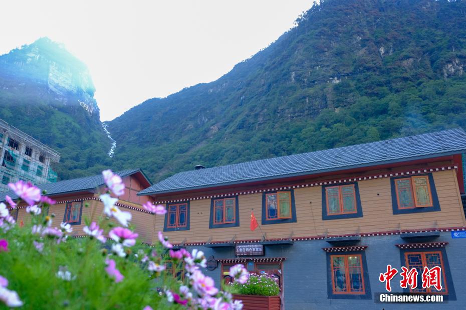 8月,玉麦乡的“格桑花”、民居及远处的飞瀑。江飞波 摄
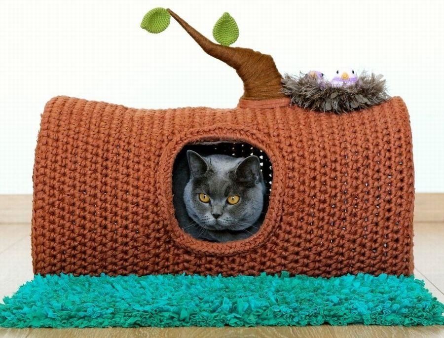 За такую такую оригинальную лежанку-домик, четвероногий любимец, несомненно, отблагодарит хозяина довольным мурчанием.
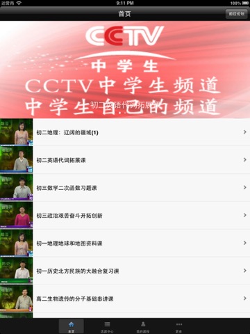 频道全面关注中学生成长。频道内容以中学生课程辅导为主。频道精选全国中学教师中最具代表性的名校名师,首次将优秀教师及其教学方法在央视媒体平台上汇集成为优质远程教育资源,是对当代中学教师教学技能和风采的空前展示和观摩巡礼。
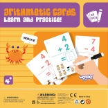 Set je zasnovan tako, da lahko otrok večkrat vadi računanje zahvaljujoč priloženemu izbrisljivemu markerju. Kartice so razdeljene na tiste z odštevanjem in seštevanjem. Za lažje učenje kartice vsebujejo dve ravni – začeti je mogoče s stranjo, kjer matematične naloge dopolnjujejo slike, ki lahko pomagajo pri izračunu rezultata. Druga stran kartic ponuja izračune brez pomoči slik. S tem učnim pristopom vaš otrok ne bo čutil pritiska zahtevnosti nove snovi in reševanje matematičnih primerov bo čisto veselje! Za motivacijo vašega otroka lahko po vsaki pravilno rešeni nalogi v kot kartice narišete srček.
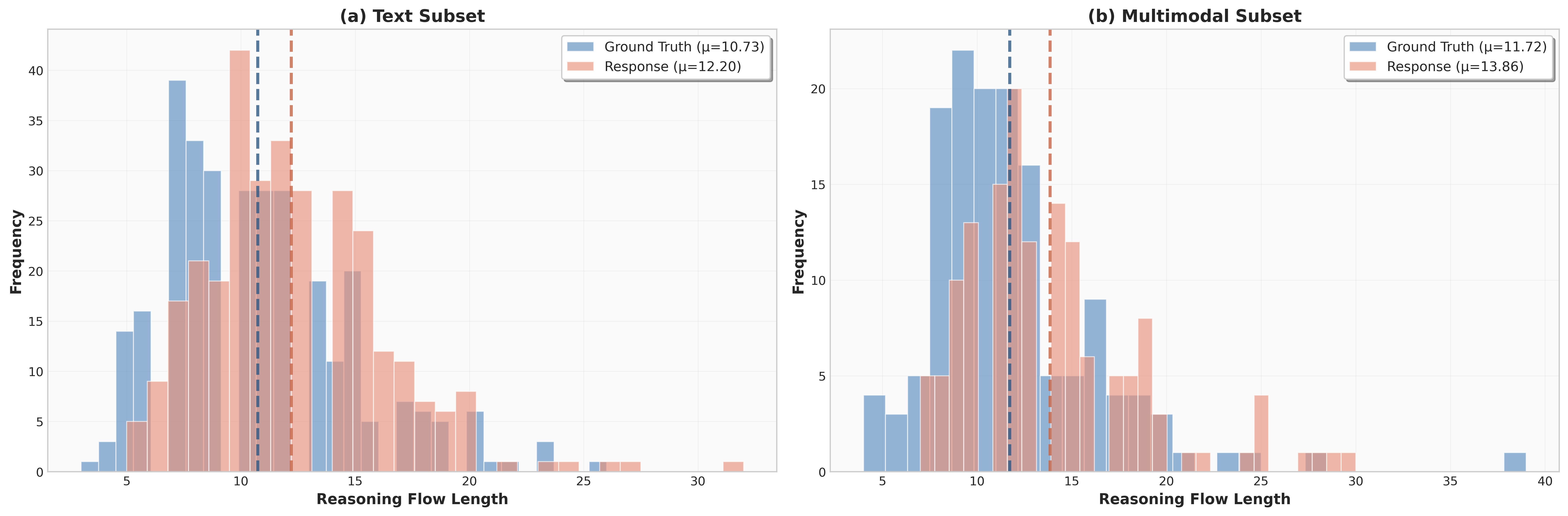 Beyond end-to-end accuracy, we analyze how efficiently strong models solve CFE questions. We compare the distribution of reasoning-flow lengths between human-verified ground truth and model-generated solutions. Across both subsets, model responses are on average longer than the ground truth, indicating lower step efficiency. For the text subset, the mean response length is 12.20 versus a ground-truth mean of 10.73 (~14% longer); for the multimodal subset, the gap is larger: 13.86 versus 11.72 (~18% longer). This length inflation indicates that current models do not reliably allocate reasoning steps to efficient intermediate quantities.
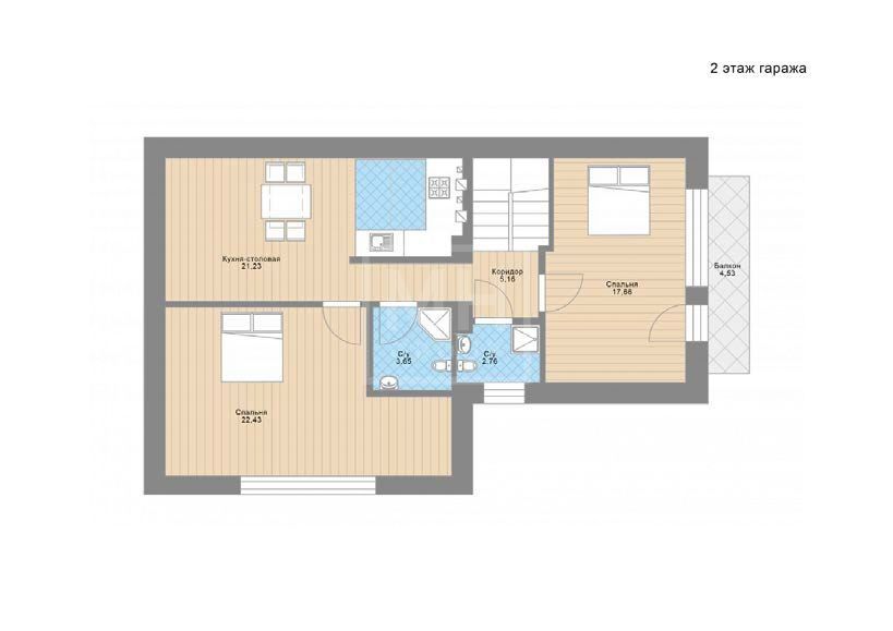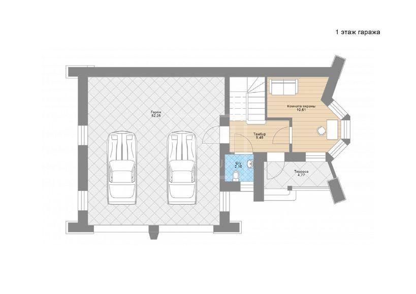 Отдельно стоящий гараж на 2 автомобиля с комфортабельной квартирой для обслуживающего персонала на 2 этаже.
=====
I'd like the lines above repeated exactly, from the one that contains "За такую такую" through the one that contains "频道全面关注中学生成长。频道", with no pictures.

 За такую такую оригинальную лежанку-домик, четвероногий любимец, несомненно, отблагодарит хозяина довольным мурчанием.
 频道全面关注中学生成长。频道内容以中学生课程辅导为主。频道精选全国中学教师中最具代表性的名校名师,首次将优秀教师及其教学方法在央视媒体平台上汇集成为优质远程教育资源,是对当代中学教师教学技能和风采的空前展示和观摩巡礼。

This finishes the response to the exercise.